• **Given material**:
Segment Open

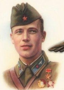
ТАЛАЛИХИН Виктор Васильевич (1918–1941)

Советский офицер, танковый ас. За два месяца 1941 г. уничтожил 52 танка противника, став самым результативным танкистом в Красной армии за всю историю Великой Отечественной войны. Погиб защищая Волоколамск.
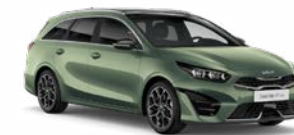
Experience Green Kleurcode: EXG
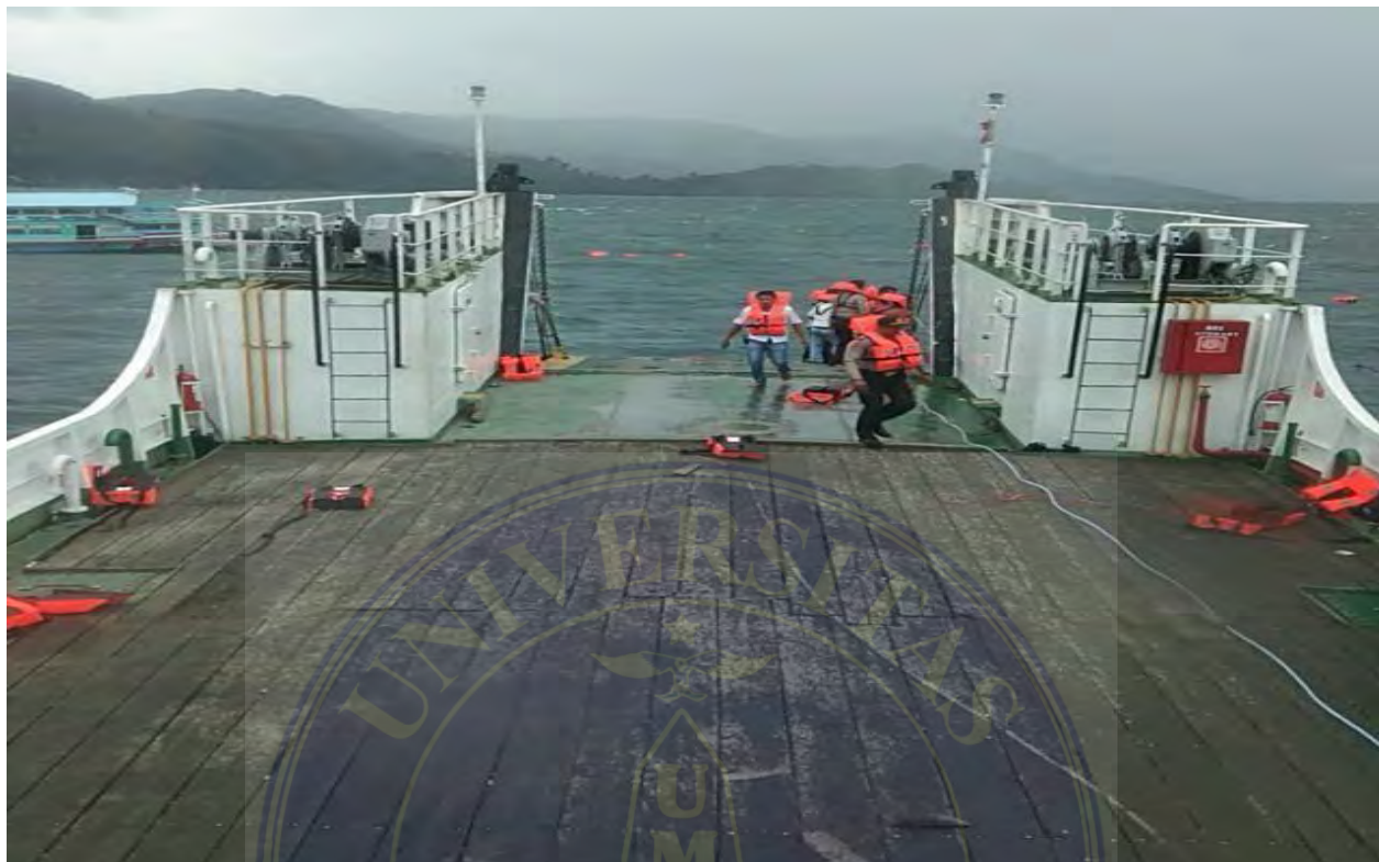
FOTO-FOTO TENTANG PENCARIAN KORBAN TENGCELAMNYA KAPAL KM. SINAR BANGUN

Segment Closed

• **Task directions**: In the material above, retype exactly the lines that run from the one containing "Experience Green Kleurcode: EXG" through the last line, and keep out the pictures.

• **Written reply**:
Experience Green Kleurcode: EXG
FOTO-FOTO TENTANG PENCARIAN KORBAN TENGCELAMNYA KAPAL KM. SINAR BANGUN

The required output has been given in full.